Problem requirements: The part to set down runs from the first line of the data below through the line with "Chamarra en piel", inclusive; write it exactly and leave out the pictures.

===

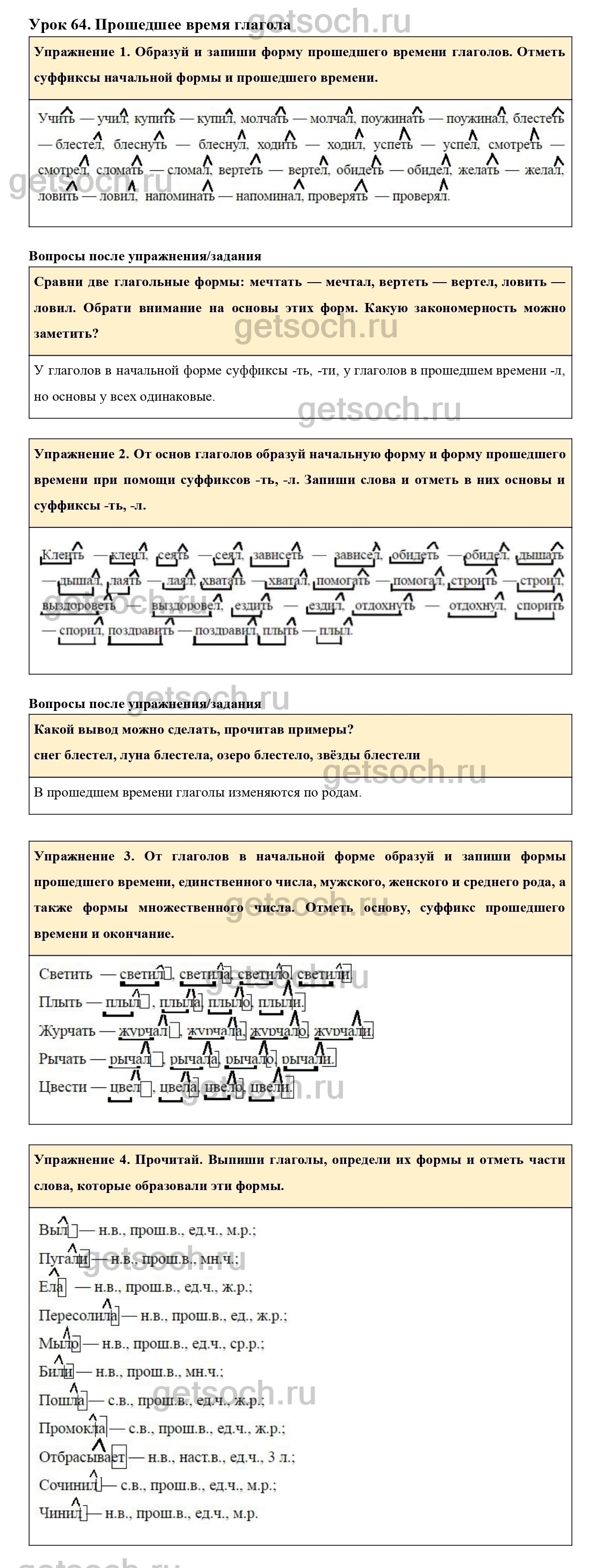 Рассмотрим ответы на Урок 64 из учебника по русскому языку для 4 класса Иванова
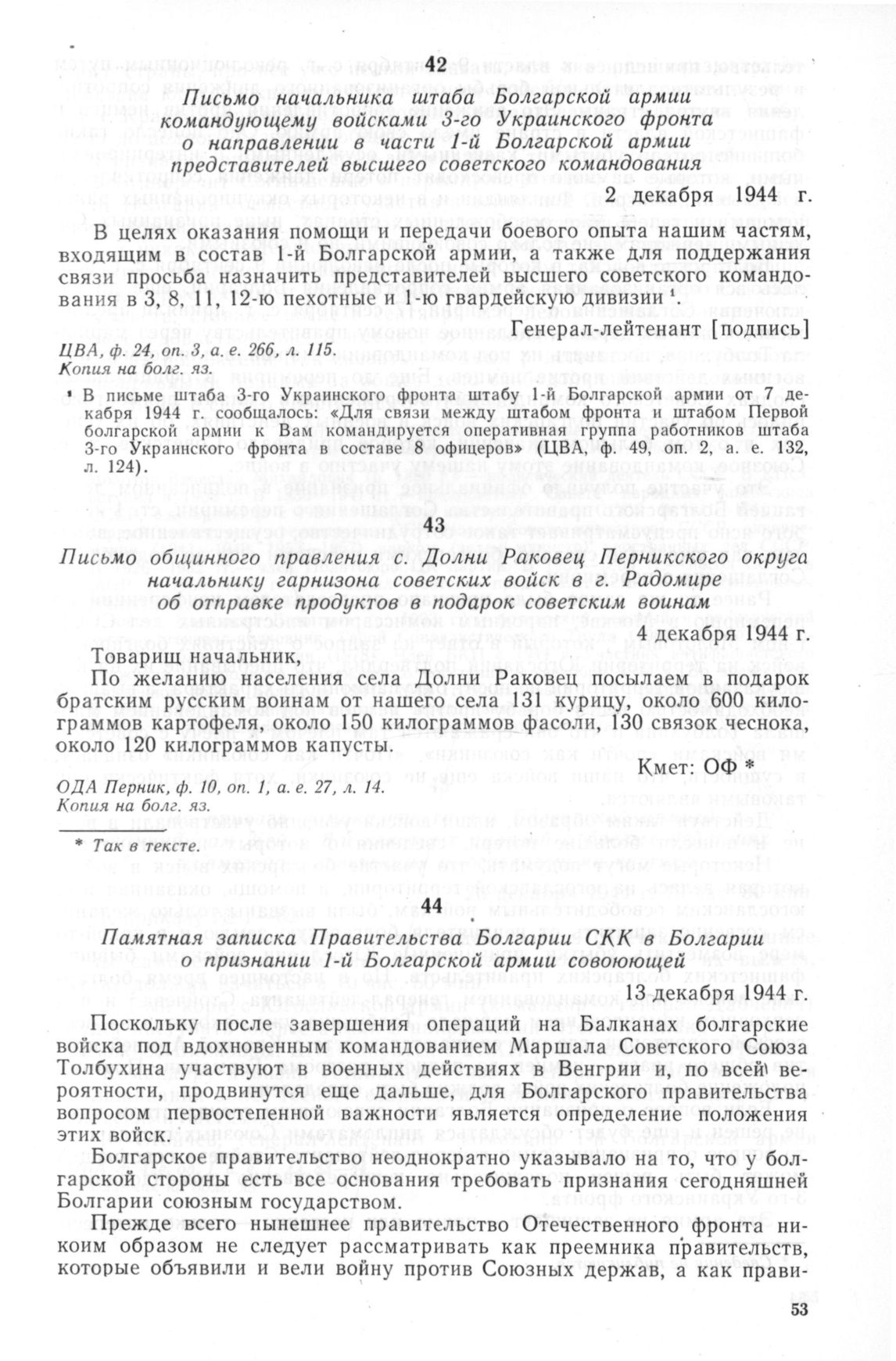 Письмо общинного правления с. Долни Раковец Перникского округа начальнику гарнизона советских войск в г. Радомире об отправке продуктов в подарок советским воинам. 4 декабря 1944 г.
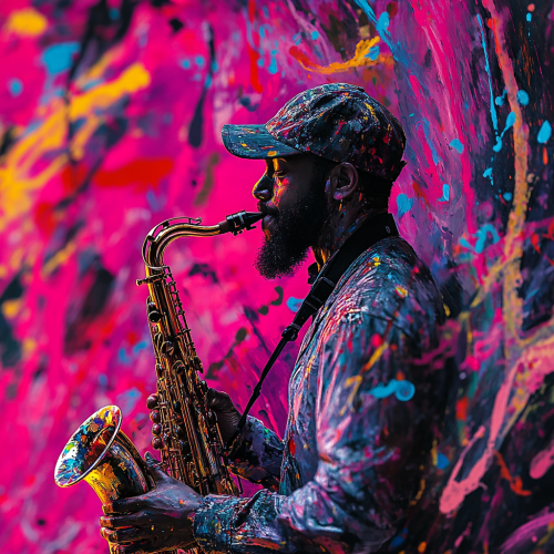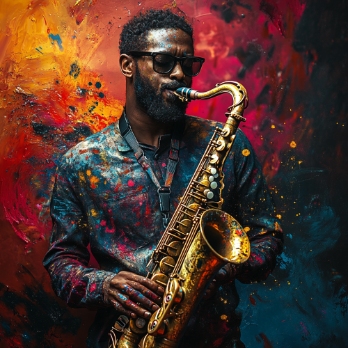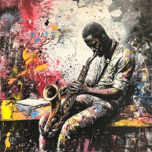 Can you create me a african male playing the saxophone paint splatter, drip, and splash in Abstract Expressionism. Super detailed, Chiaroscuro, smooth
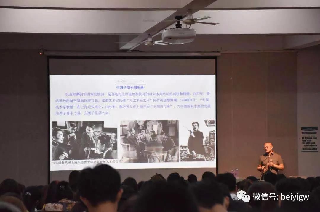2020年11月18日晚7:30于我校西校区伦理楼107,广西大学艺术学院张明学教授为我校师生带来了一场题为《抗战时期美术作品人文与审美》的精彩讲座。本次讲座吸引众多师生到场聆听。讲座由我校教务处副处长武鹏程主持。
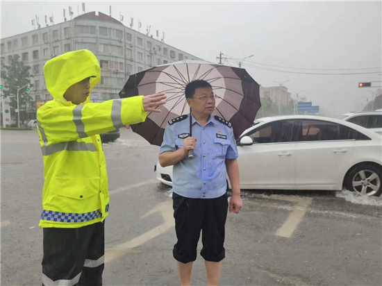 大雨滂沱,交通擁堵。7月22日,針對(duì)市區(qū)降大雨且部分路段出現(xiàn)嚴(yán)重積水的情況,交警及時(shí)啟動(dòng)惡劣天氣應(yīng)急預(yù)案,迅速投入到工作中。
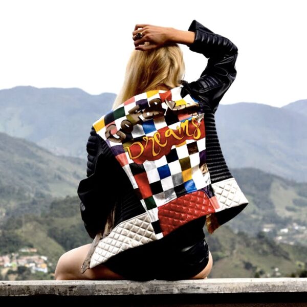 Chamarra en piel natural, suave al tacto, patchwork completo. Arte pintado a mano en la espalda por Manuela Restrepo, cremalleras,
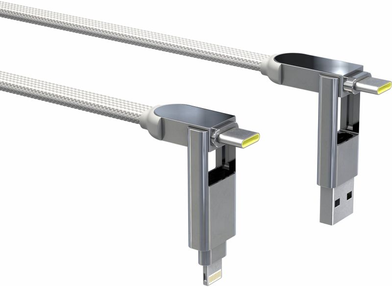 Die Stecker des Multi-Ladekabels bestehen aus einem Zink-Metall-Gehäuse und einem N52-Magnet, während die Kabelummantelung aus Nylon und TPU gefertigt ist. Im Kern des Kabels kommen Aramidfasern zum Einsatz, welche umgeben von 200 geflochtenen Kupferdrähten einen schnellen Stromfluss fördern. Für eine minimalistischen und aufgeräumten Arbeitsplatz lässt sich das 6-in-1 Multi-Ladekabel mit den entsprechenden magnetischen Kabelführungen kombinieren. Dabei kann das Metall-Gehäuse der Anschlüsse magnetisch an der Kabelführung befestigt werden oder das Kabel entlang der Kabelführung ideal auf dem Schreibtisch angeordnet werden.
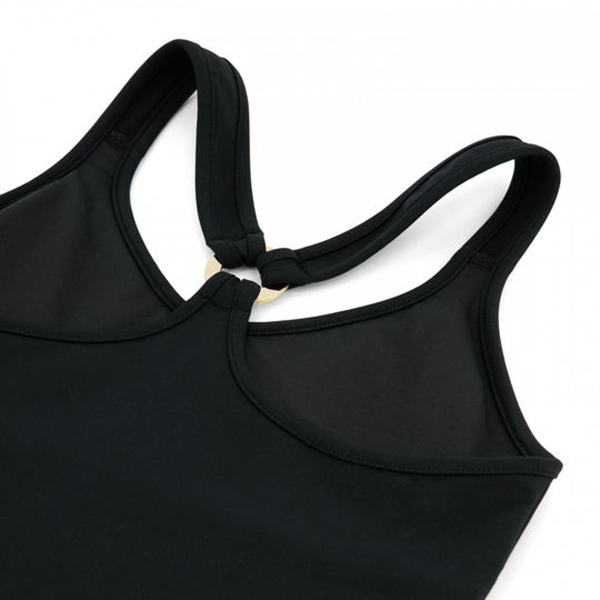 Deze mooie top is gemaakt van 88% polyamide en 12% elastane. De top heeft een goudkleurige ring op de crossover op de rug als detail. Dit geeft een erg vrouwelijke en luxe look. Door de uitneembare padding kun je de pasvorm personaliseren. De Zoe ringtop is tijdloos en altijd goed!

===

Response:
 Рассмотрим ответы на Урок 64 из учебника по русскому языку для 4 класса Иванова
 Письмо общинного правления с. Долни Раковец Перникского округа начальнику гарнизона советских войск в г. Радомире об отправке продуктов в подарок советским воинам. 4 декабря 1944 г.
 Can you create me a african male playing the saxophone paint splatter, drip, and splash in Abstract Expressionism. Super detailed, Chiaroscuro, smooth
2020年11月18日晚7:30于我校西校区伦理楼107,广西大学艺术学院张明学教授为我校师生带来了一场题为《抗战时期美术作品人文与审美》的精彩讲座。本次讲座吸引众多师生到场聆听。讲座由我校教务处副处长武鹏程主持。
 大雨滂沱,交通擁堵。7月22日,針對(duì)市區(qū)降大雨且部分路段出現(xiàn)嚴(yán)重積水的情況,交警及時(shí)啟動(dòng)惡劣天氣應(yīng)急預(yù)案,迅速投入到工作中。
 Chamarra en piel natural, suave al tacto, patchwork completo. Arte pintado a mano en la espalda por Manuela Restrepo, cremalleras,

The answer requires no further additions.